_INFORMATION_:
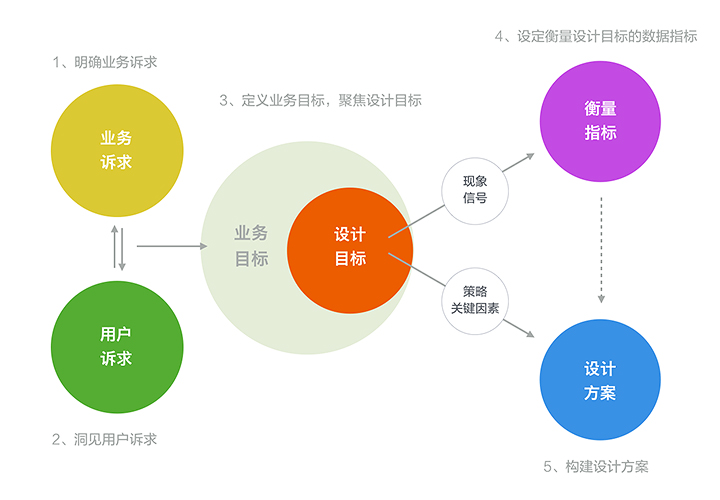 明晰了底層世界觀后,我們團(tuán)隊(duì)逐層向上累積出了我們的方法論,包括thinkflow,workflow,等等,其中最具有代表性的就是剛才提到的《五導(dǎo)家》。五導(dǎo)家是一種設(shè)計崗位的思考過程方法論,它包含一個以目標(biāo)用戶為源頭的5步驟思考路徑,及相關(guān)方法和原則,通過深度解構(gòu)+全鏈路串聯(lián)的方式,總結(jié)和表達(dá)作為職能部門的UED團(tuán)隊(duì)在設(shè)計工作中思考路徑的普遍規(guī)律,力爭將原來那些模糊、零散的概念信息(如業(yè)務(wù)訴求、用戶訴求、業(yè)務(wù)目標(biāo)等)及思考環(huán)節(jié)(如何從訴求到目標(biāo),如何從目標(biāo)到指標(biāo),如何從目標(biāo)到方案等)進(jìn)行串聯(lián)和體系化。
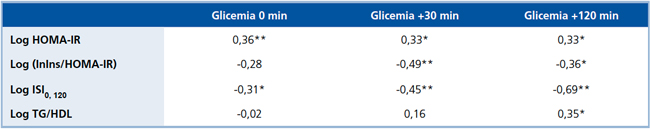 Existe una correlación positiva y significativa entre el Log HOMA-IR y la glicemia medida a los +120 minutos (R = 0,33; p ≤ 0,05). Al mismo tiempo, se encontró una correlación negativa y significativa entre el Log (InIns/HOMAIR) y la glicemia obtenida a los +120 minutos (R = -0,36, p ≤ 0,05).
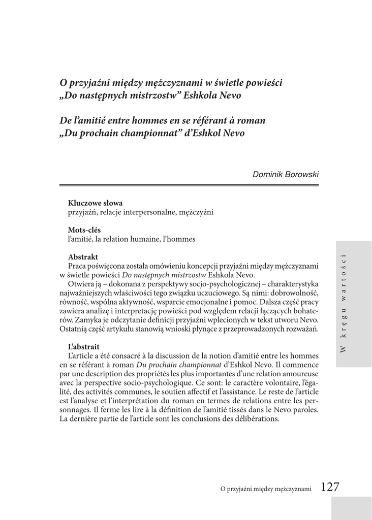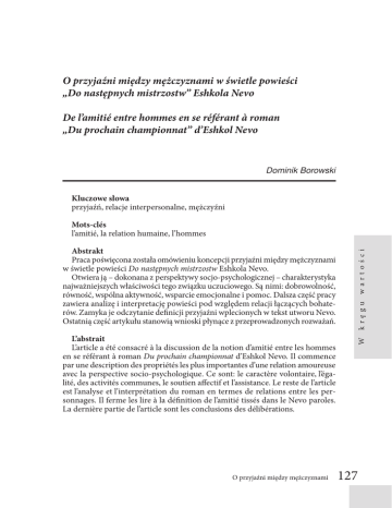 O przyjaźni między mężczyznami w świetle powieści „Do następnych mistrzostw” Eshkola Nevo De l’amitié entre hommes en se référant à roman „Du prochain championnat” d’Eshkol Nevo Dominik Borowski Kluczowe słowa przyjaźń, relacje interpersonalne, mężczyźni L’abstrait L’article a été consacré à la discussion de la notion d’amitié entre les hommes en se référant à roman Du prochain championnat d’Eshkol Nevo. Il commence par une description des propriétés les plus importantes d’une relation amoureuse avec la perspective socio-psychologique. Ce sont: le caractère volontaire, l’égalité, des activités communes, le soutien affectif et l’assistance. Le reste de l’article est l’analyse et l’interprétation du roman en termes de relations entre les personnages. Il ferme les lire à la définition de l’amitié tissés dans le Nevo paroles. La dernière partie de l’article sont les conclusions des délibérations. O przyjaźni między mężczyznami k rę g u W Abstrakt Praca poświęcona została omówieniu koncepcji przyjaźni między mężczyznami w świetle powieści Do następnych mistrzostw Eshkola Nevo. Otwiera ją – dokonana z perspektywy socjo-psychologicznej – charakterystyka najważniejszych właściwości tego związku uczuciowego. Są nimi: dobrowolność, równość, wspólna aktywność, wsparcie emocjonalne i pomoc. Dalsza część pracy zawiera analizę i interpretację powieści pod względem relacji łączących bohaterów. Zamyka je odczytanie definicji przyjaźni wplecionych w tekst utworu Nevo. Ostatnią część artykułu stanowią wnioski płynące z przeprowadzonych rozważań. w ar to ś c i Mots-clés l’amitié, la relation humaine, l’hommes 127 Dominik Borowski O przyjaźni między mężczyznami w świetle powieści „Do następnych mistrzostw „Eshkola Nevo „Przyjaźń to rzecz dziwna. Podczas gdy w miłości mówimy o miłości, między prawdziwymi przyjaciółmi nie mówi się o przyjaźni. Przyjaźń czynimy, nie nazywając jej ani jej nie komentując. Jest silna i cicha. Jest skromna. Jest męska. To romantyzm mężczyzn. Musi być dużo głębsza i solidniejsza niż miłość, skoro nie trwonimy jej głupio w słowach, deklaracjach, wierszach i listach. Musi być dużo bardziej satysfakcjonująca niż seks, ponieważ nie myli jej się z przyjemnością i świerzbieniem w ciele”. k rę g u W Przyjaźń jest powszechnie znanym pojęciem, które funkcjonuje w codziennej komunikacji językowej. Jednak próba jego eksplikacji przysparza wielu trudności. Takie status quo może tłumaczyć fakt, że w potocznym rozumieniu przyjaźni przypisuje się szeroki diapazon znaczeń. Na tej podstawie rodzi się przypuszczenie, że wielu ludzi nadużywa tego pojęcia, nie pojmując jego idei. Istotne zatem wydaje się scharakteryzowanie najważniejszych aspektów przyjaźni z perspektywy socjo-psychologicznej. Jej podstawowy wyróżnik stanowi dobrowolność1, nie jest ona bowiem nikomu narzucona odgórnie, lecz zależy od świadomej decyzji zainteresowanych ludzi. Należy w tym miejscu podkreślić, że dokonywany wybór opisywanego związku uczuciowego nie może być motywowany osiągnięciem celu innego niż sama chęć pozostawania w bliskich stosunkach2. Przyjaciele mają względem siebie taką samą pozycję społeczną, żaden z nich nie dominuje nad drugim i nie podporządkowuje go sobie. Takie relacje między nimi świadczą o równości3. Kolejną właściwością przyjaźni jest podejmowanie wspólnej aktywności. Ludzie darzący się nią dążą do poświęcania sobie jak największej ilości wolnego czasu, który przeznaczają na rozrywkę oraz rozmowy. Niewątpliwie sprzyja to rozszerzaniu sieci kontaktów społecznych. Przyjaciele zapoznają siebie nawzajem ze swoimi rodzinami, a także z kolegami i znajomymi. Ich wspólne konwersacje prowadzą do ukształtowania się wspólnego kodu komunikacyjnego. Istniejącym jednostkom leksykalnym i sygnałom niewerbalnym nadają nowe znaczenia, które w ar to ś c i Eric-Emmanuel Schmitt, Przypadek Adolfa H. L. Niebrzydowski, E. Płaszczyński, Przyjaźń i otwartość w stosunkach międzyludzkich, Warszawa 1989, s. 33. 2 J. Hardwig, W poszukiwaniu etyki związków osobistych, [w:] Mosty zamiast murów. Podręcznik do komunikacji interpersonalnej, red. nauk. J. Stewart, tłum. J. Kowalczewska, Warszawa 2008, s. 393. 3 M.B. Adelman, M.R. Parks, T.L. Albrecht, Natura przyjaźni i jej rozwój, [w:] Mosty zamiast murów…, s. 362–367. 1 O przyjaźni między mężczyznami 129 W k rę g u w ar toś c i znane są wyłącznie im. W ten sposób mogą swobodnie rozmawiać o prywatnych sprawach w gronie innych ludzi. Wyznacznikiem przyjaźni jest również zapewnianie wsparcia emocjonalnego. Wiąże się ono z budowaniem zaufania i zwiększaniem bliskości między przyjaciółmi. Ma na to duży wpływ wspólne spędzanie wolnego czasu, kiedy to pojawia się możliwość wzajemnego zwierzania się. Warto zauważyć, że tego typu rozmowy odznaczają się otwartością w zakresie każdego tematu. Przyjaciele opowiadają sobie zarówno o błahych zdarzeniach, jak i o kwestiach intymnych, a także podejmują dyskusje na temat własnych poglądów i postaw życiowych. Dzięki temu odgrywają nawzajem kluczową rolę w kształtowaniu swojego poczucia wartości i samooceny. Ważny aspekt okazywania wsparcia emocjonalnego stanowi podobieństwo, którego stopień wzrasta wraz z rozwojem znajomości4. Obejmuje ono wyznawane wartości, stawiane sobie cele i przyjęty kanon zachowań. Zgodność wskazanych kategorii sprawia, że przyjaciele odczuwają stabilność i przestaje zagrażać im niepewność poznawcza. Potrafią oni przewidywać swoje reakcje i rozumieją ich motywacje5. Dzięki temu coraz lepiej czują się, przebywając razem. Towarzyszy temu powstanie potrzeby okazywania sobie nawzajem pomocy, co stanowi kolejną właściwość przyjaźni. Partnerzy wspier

--

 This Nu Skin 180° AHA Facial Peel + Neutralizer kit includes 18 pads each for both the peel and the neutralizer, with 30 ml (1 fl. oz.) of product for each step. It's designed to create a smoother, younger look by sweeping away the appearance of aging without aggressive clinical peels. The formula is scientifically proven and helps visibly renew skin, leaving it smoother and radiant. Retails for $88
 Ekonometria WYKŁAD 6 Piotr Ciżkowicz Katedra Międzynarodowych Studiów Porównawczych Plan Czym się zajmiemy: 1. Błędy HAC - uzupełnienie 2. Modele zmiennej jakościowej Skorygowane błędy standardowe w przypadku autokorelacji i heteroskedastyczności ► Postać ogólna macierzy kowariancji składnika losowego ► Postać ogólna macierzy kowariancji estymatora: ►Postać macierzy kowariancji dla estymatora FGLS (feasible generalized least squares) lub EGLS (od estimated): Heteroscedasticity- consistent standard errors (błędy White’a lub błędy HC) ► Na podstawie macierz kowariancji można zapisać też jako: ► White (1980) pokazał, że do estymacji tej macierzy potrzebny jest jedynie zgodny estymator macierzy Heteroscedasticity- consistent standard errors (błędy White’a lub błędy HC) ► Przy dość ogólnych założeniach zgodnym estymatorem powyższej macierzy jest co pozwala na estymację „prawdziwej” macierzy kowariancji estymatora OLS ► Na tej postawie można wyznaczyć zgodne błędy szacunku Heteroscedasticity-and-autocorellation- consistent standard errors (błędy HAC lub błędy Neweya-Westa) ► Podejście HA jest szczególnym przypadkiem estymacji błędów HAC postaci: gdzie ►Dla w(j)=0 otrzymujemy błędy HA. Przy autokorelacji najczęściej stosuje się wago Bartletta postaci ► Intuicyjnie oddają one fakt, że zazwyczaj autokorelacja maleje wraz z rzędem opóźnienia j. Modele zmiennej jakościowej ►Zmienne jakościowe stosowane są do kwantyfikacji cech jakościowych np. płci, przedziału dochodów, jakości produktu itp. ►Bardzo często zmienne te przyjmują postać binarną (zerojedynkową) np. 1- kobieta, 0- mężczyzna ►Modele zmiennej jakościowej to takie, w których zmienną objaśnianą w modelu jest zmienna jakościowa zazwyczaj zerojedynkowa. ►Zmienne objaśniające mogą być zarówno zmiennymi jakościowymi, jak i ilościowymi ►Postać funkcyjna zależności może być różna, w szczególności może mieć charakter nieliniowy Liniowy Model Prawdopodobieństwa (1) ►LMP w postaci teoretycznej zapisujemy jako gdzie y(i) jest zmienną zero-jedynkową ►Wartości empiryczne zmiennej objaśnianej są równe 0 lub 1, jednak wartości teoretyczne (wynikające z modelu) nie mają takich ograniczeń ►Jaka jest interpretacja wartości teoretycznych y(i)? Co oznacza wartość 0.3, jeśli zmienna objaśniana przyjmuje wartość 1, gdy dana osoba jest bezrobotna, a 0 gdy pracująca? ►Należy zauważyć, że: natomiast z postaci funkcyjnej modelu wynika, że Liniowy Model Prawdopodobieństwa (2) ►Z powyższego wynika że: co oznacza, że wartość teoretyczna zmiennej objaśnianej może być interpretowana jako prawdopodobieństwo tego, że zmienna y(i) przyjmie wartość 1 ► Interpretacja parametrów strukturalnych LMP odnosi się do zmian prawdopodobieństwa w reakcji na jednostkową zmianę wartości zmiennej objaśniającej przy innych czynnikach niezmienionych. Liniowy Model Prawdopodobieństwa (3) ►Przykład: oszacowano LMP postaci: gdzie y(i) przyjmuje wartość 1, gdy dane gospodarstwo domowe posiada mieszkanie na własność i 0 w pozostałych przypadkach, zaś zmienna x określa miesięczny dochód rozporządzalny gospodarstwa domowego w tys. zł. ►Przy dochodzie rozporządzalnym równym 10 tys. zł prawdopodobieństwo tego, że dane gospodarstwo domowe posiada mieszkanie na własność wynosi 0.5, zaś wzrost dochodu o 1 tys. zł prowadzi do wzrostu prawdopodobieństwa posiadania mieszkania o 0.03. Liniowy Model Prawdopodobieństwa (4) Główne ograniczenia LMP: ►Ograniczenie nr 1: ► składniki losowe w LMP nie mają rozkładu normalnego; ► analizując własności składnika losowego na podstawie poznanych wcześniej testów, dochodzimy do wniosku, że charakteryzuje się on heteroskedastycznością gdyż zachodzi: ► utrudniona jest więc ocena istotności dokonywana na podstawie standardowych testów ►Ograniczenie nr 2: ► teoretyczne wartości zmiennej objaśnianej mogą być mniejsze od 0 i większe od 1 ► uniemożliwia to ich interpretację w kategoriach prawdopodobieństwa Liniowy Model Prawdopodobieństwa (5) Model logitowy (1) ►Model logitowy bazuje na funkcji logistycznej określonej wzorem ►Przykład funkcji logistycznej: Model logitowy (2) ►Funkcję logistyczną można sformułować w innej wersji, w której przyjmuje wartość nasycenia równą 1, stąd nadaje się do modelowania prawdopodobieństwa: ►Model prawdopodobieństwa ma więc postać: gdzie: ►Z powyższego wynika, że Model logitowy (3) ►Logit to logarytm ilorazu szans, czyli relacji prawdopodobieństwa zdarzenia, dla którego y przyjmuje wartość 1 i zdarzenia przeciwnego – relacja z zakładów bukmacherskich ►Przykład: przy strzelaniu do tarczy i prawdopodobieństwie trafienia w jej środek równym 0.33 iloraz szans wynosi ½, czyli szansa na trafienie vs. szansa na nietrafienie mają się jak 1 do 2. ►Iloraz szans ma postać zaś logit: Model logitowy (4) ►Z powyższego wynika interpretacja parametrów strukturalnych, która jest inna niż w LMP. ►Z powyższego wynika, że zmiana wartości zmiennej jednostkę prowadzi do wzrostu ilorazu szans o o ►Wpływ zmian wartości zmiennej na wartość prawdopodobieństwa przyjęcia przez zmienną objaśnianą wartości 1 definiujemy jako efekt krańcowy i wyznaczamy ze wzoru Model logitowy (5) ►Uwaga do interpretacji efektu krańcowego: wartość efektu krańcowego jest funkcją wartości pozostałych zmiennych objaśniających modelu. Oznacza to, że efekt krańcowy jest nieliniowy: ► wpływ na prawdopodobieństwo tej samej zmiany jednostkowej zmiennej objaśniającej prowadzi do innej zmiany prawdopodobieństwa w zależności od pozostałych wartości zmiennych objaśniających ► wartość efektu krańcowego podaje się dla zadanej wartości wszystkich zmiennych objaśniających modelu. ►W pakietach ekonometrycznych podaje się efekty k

...

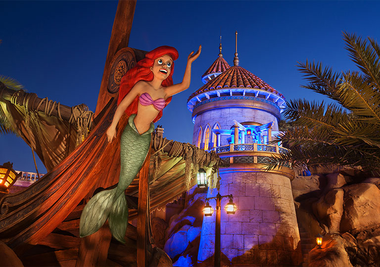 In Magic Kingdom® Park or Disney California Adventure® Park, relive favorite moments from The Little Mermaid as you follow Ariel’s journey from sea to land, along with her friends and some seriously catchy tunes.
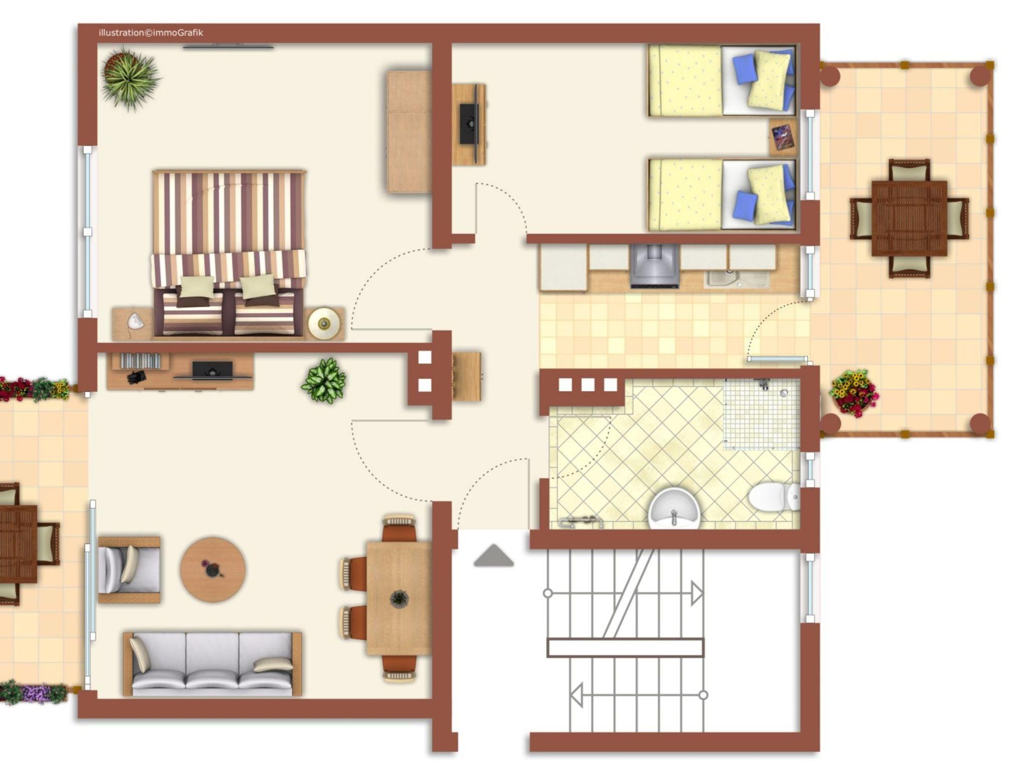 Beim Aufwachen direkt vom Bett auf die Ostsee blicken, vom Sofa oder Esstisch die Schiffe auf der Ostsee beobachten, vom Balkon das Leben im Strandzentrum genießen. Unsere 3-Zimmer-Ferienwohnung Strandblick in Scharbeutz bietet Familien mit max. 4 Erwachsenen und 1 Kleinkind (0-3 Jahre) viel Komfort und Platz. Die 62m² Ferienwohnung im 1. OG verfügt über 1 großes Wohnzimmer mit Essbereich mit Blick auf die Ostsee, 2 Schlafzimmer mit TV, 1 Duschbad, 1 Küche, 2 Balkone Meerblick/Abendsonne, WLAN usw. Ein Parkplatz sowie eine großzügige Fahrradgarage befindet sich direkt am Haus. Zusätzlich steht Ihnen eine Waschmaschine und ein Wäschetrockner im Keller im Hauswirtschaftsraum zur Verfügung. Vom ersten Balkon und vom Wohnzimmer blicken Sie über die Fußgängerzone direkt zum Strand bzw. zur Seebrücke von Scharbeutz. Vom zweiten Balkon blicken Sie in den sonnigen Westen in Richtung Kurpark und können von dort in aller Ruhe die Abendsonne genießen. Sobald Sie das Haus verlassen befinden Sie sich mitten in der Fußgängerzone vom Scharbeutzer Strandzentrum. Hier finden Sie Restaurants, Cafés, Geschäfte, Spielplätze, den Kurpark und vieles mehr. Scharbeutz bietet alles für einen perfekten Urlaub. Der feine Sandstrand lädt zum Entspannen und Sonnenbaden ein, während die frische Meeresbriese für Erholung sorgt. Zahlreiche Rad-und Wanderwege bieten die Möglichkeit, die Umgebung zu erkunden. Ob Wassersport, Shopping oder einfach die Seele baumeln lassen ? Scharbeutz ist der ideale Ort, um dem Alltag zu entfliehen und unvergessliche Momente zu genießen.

_PROBLEM TO SOLVE_:
Produce an exact reproduction of the listing above, limited to the lines starting at the line with "明晰了底層世界觀后,我們團(tuán)隊" and ending at the line with "Existe una correlación", both kept, with every picture left out.

_WRITTEN ANSWER_:
 明晰了底層世界觀后,我們團(tuán)隊(duì)逐層向上累積出了我們的方法論,包括thinkflow,workflow,等等,其中最具有代表性的就是剛才提到的《五導(dǎo)家》。五導(dǎo)家是一種設(shè)計崗位的思考過程方法論,它包含一個以目標(biāo)用戶為源頭的5步驟思考路徑,及相關(guān)方法和原則,通過深度解構(gòu)+全鏈路串聯(lián)的方式,總結(jié)和表達(dá)作為職能部門的UED團(tuán)隊(duì)在設(shè)計工作中思考路徑的普遍規(guī)律,力爭將原來那些模糊、零散的概念信息(如業(yè)務(wù)訴求、用戶訴求、業(yè)務(wù)目標(biāo)等)及思考環(huán)節(jié)(如何從訴求到目標(biāo),如何從目標(biāo)到指標(biāo),如何從目標(biāo)到方案等)進(jìn)行串聯(lián)和體系化。
 Existe una correlación positiva y significativa entre el Log HOMA-IR y la glicemia medida a los +120 minutos (R = 0,33; p ≤ 0,05). Al mismo tiempo, se encontró una correlación negativa y significativa entre el Log (InIns/HOMAIR) y la glicemia obtenida a los +120 minutos (R = -0,36, p ≤ 0,05).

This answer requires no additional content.